■ GOAL OF THE EXERCISE ■
Please set down, with no changes, every line of the material below from the one containing "Standard printed envelope" through the end. Skip the pictures.

■ SOURCE INFORMATION ■
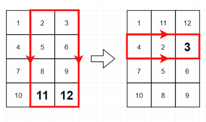 그림과 같이 4행 3열의 배열이 있는데 오른쪽 그림과같이 숫자 배열을 바꾸려면 어떻게 코딩해야 하나요?
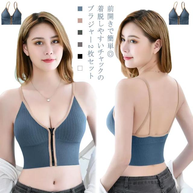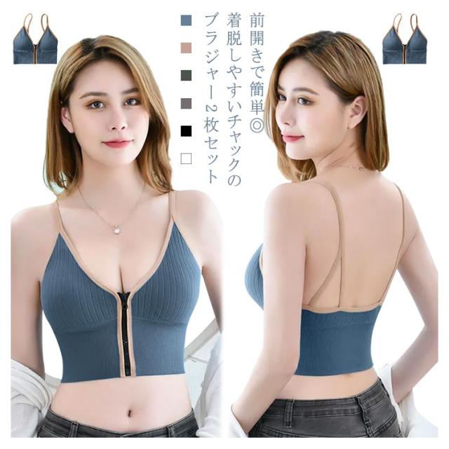2枚セット! ブラジャー ノンワイヤー フロントファスナー 前開き スポーツブラ ブラトップ カップ付き インナー トップス 落ちない バストアップ 脇肉 授乳 見せブラ キャミ ルームウェア 下着 肌着 レディース 女性 スポーツウェア ヨガウェア 送料無料
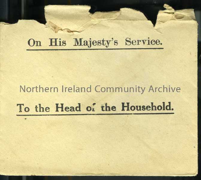 Standard printed envelope addressed to ‘Head of the Household’, no address
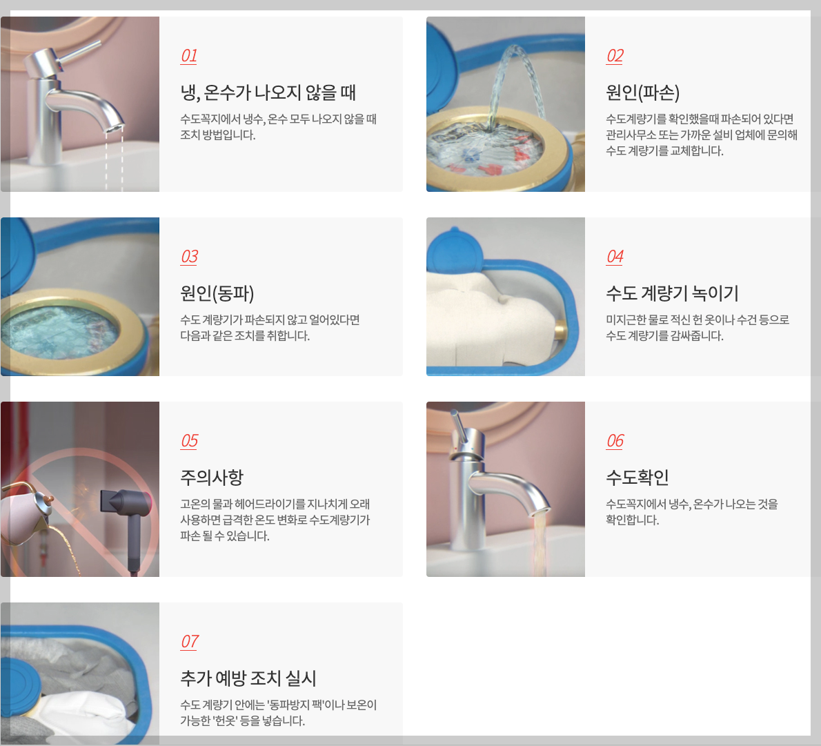 | 특정 장소에서만 온수가 안 나오는데 이유가 뭘까요? | 해당 장소의 온수 밸브가 잠겨 있는지 확인하세요. 배관 동결이 원인일 수도 있으니 배관을 녹이는 방법을 적용해 보세요. |
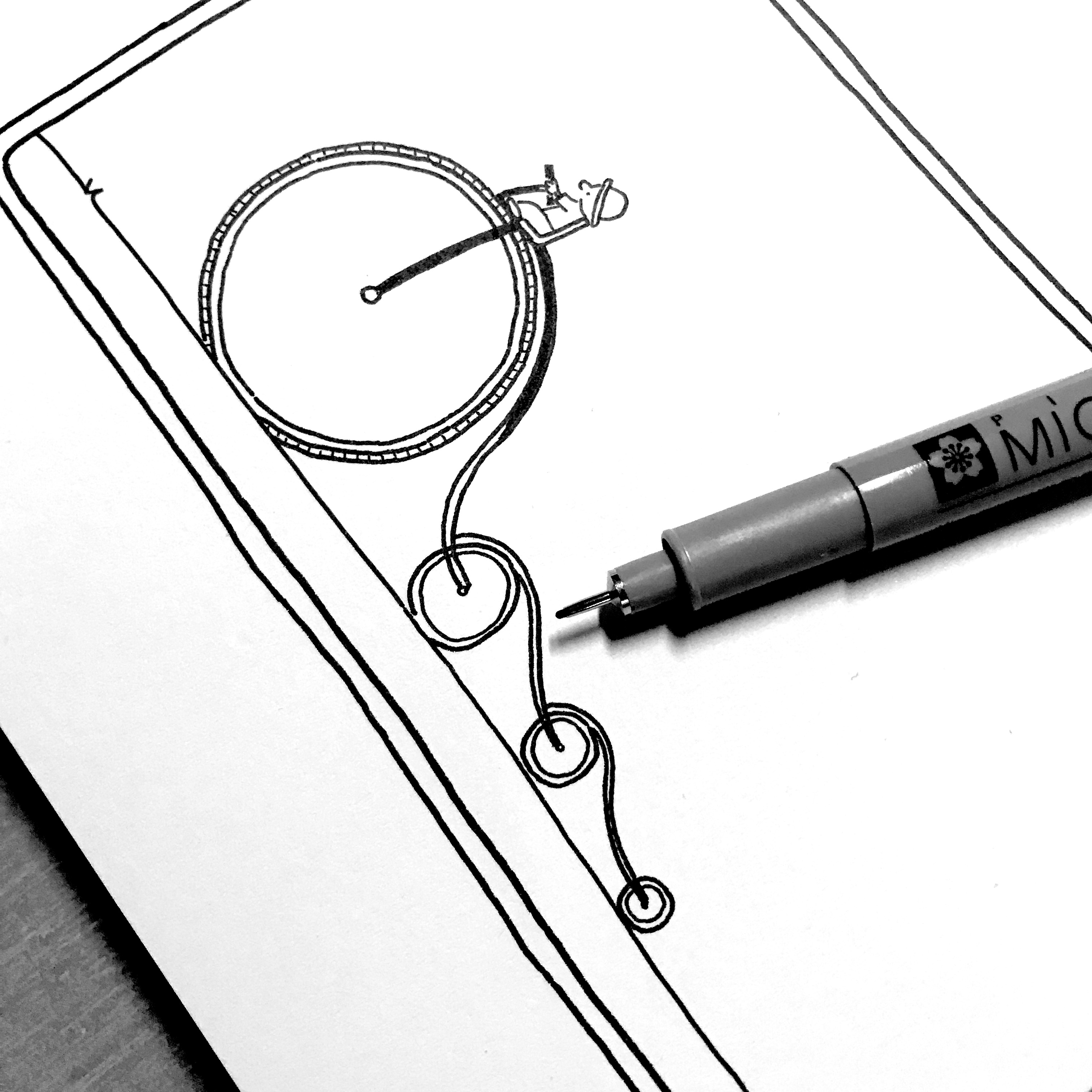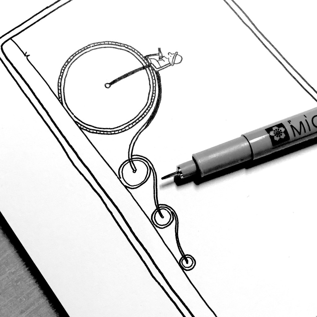 As far as each day’s drawing, I used one of my standard exercise books to draw one or several preliminary sketches for each prompt.

■ RESULT ■
 Standard printed envelope addressed to ‘Head of the Household’, no address
 | 특정 장소에서만 온수가 안 나오는데 이유가 뭘까요? | 해당 장소의 온수 밸브가 잠겨 있는지 확인하세요. 배관 동결이 원인일 수도 있으니 배관을 녹이는 방법을 적용해 보세요. |
 As far as each day’s drawing, I used one of my standard exercise books to draw one or several preliminary sketches for each prompt.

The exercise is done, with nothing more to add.